Lula: o preferido dos banqueiros

Governo em conserva

Freio no rendimento da poupança é medida pífia, que atende aos bancos; pequeno poupador continua discriminado

Editorial da Folha de S.Paulo, dia 08 de março de 2007
A faceta conservadora do governo Luiz Inácio Lula da Silva vai se acentuando. A inaptidão para grandes projetos -não raro associada à indolência - e a opção pelos ajustes acomodatícios ao "statu quo" se revelaram mais uma vez na medida destinada a reduzir a rentabilidade da caderneta de poupança, anunciada anteontem.
A aplicação tradicional e popular ganha atratividade com a queda dos juros na economia.
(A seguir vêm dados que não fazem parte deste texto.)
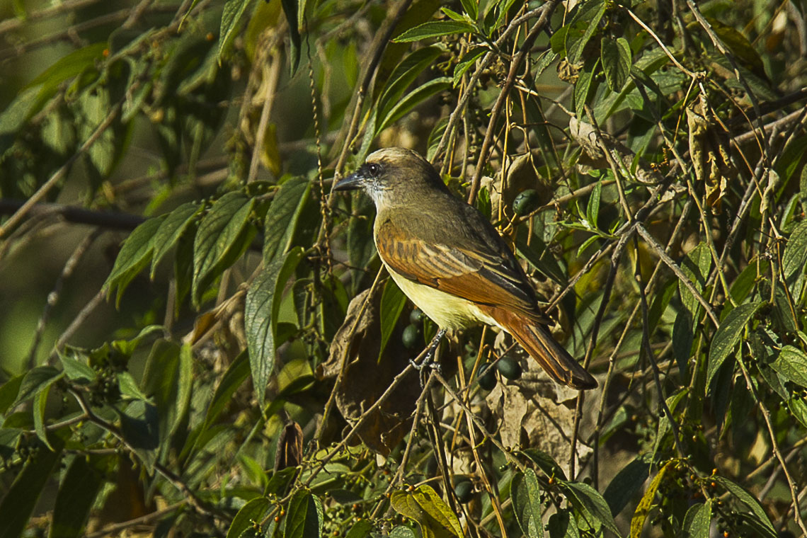 Baird's Flycatcher (Myiodynastes bairdii) - South Ecuador_S4E9320
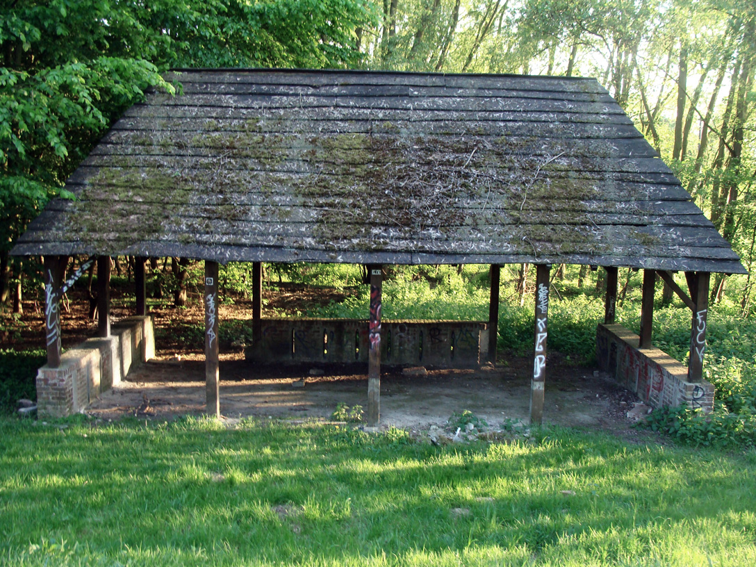 Laerbeek Wood
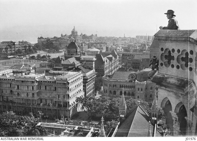 Looking down on the city of Bombay towards the south east, from the summit of Rajabai Tower, part of the University at Bombay.
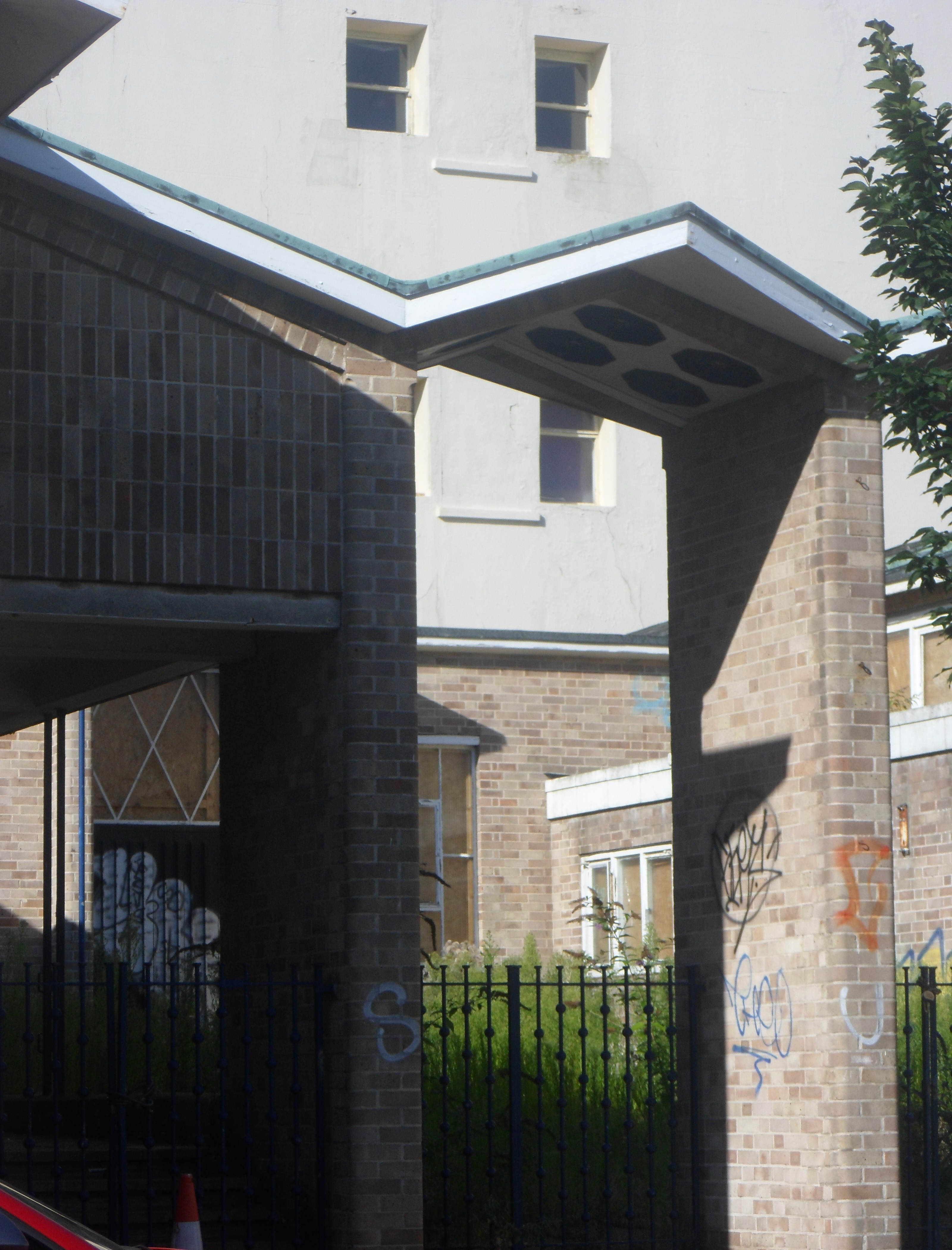 Montpelier Place Baptist Church, Montpelier Place, Hove, City of Brighton and Hove, England.
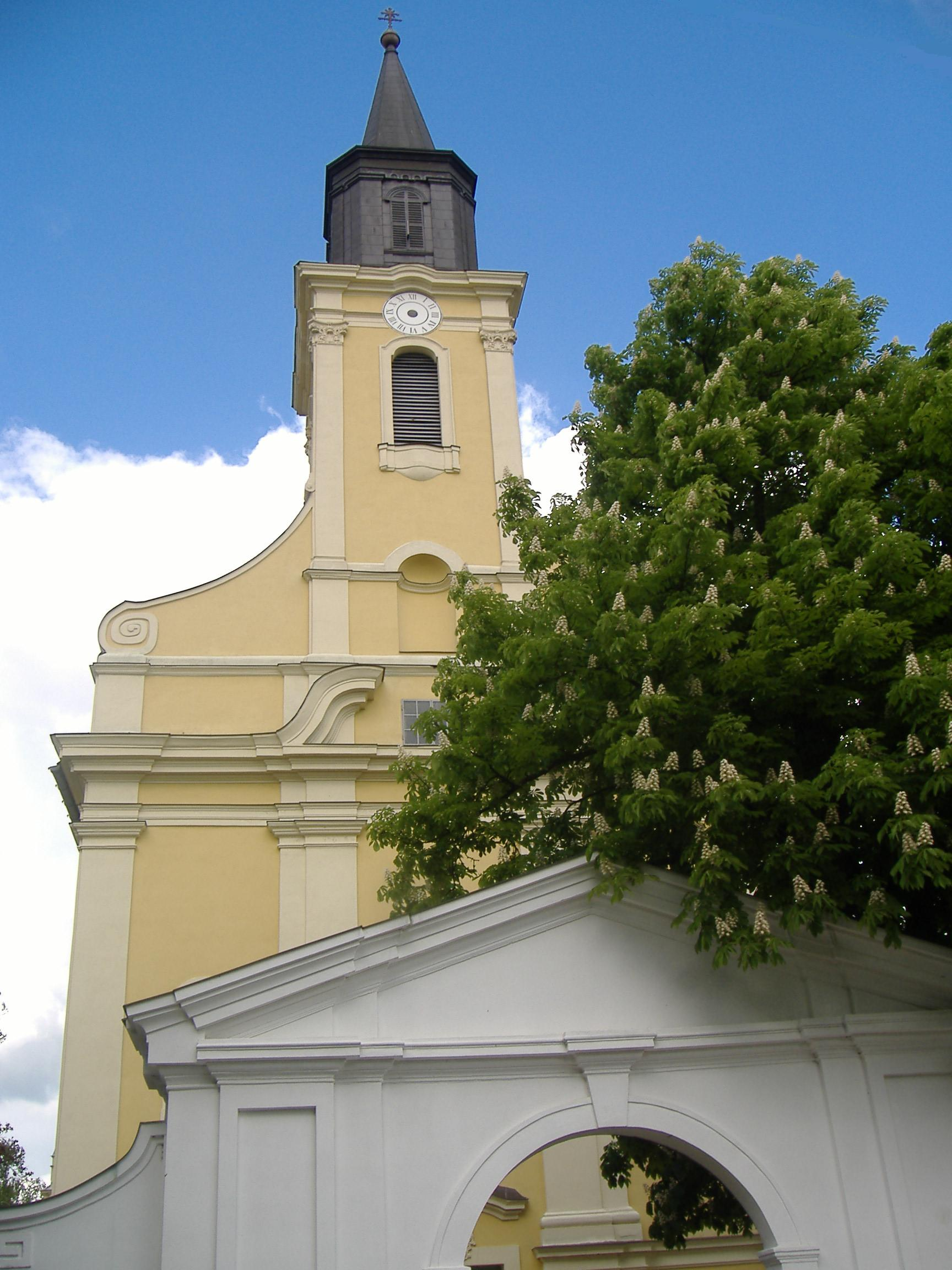 The Saint Stephen Parish Church in Makó, Hungary.

A caderneta -ao contrário do ocorrido com os investimentos em renda fixa e, em especial, os fundos DI, indexados à taxa Selic - não perdeu rentabilidade. Com remuneração de 6% ao ano mais a variação da TR (apurada a partir do rendimento dos CDBs), isenção de Imposto de Renda e garantia do governo, a poupança já é vantajosa em relação a alguns fundos do mercado.
Aos bancos não interessa manter atrativa a poupança - fator que ajudou o saldo das aplicações, hoje em R$ 190 bilhões, a aumentar R$ 6,5 bilhões apenas em 2006. De cada R$ 100 em depósitos nas cadernetas, as instituições são obrigadas a destinar R$ 65 para o crédito imobiliário, nas regras do Sistema Financeiro da Habitação. Trata-se de uma restrição que impede os bancos de aumentarem ainda mais seus lucros multibilionários.
Além disso, instituições financeiras estavam sendo pressionadas -algo decerto incômodo para seus interesses - a baixar as escorchantes taxas de administração que cobram em seus fundos de investimento. Pequenos aplicadores amargam tarifas de até 5% para que os bancos, com os recursos do poupador, administrem títulos pós-fixados do Tesouro, papéis cujo custo de gestão bancária é irrisório.
O interesse dos bancos, no entanto, não se confunde com o interesse público, que deveria nortear as ações do governo em relação à poupança. A caderneta, nas regras atuais, é de fato um anacronismo herdado de uma época em que prevaleciam a inflação alta e um mercado financeiro simplório e fechado. Não é exagero dizer que foi ludibriado o cidadão que manteve seus recursos aplicados na caderneta desde o advento do Plano Real.
Por conta de um modelo anacrônico, desenhado para garantir recursos à habitação -mas que não conseguiu tirar do rés-do-chão o crédito imobiliário no país-, foi mantido um sistema que pune os pequenos poupadores. Enquanto isso, a título de juros o setor público transfere 7% do PIB por ano aos credores de sua dívida, estes mais bem informados e aquinhoados.
O contexto de juros cadentes seria propício para emancipar do atraso o sistema de poupança popular no Brasil - e, com ele, o modelo de crédito à habitação. Pequenos investidores e trabalhadores, que também vêem seus recursos no FGTS minguarem ao longo dos anos, merecem partilhar os ganhos e também os riscos dessa revolução financeira por que passa o país.
Mas o governo preferiu uma mudança pontual na TR, reduzindo seu peso na correção da caderneta. Os bancos agradecem.